Unfortunately for science (and common sense), back in the mid-1800s the Manx cat's exceedingly superficial external similarity to a rabbit was nonetheless more than sufficient to inspire a writer called Joseph Train, from Castle Douglas in Galloway, Scotland, to claim in his book An Historical and Statistical Account of the Isle of Man (1845) that Manx cats were truly the products of matings between female cats and buck rabbits. He even included in his book a somewhat grotesque engraving of a Manx cat suitably distorted to correspond to the likely appearance of an offspring from this most unlikely of cross-pairings. And so it was that from an erroneous, misleading illustration and Train's accompanying account, the incongruous myth of the cabbit bounded into existence.

Yet even on an island distinguished by its emblematic three-legged men, its true-life four-horned goats (the brown-woolled Manx Loghtan), and its world-famous tailless cats, the reality of cabbits is most definitely beyond conception - in every sense!

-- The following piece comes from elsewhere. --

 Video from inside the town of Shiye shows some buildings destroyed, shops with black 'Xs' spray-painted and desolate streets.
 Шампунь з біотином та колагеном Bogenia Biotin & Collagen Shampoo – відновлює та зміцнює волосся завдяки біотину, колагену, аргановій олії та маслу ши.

Total trivia time: Way back in 1993, the very first pub quiz team that I was a member of was called the Manx Cats, because we were all bikers and one of the most famous motorbike races, the TT (Tourist Trophy), takes place annually on the Isle of Man. As a memento of our quiz team, I purchased the following Manx cat ornaments, which I still own today:

My two Manx cats ornaments commemorating my years as a Manx Cat quizzer (© Dr Karl Shuker)

My sincere thanks to Lori Adams Nash for very kindly permitting me to include her photograph of her beautiful Manx cat Luna in the chapter of my book Cats of Magic, Mythology, and Mystery from which this present ShukerNature blog article of mine is adapted.

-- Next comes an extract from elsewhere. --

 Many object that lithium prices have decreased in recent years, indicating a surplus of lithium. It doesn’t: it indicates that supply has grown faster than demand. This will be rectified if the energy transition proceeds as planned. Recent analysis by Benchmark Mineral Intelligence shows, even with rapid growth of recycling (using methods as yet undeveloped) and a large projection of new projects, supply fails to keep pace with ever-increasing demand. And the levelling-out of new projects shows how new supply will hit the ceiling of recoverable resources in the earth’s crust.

Early photograph of a Manx cat (public domain)


  1. Interesting. I trapped a feral cat (doing my bit for the environment) a few years ago. It would have been a "stumpy" by this classification. Tail-less feral cats are uncommon but not unknown. The one I got had long legs and was tall at the back. The build was unlike the "normal" feral so I guess it maybe had Manx genes. I got reasonable images of it on a trail cam some months before I trapped it. The long legged build is obvious. Other detail: it was a male, grey tabby colour, 540mm head and body length, and weighed 5 kg. Front paws were 42mm wide, rear 37mm. It was quite a hefty beast! (Photos available if you are interested in the build.)

  2. I have a probably 10 day old Manx kitten that I am bottle feeding- I would love to learn more about this breed!

  3. I recently had a young manx Male kitten enter my bamboo room on my farm in Puerto Rico. He's not fully tame but my other cats and pit / collie don't seem too mind......

    Think I got adopted this time round lol.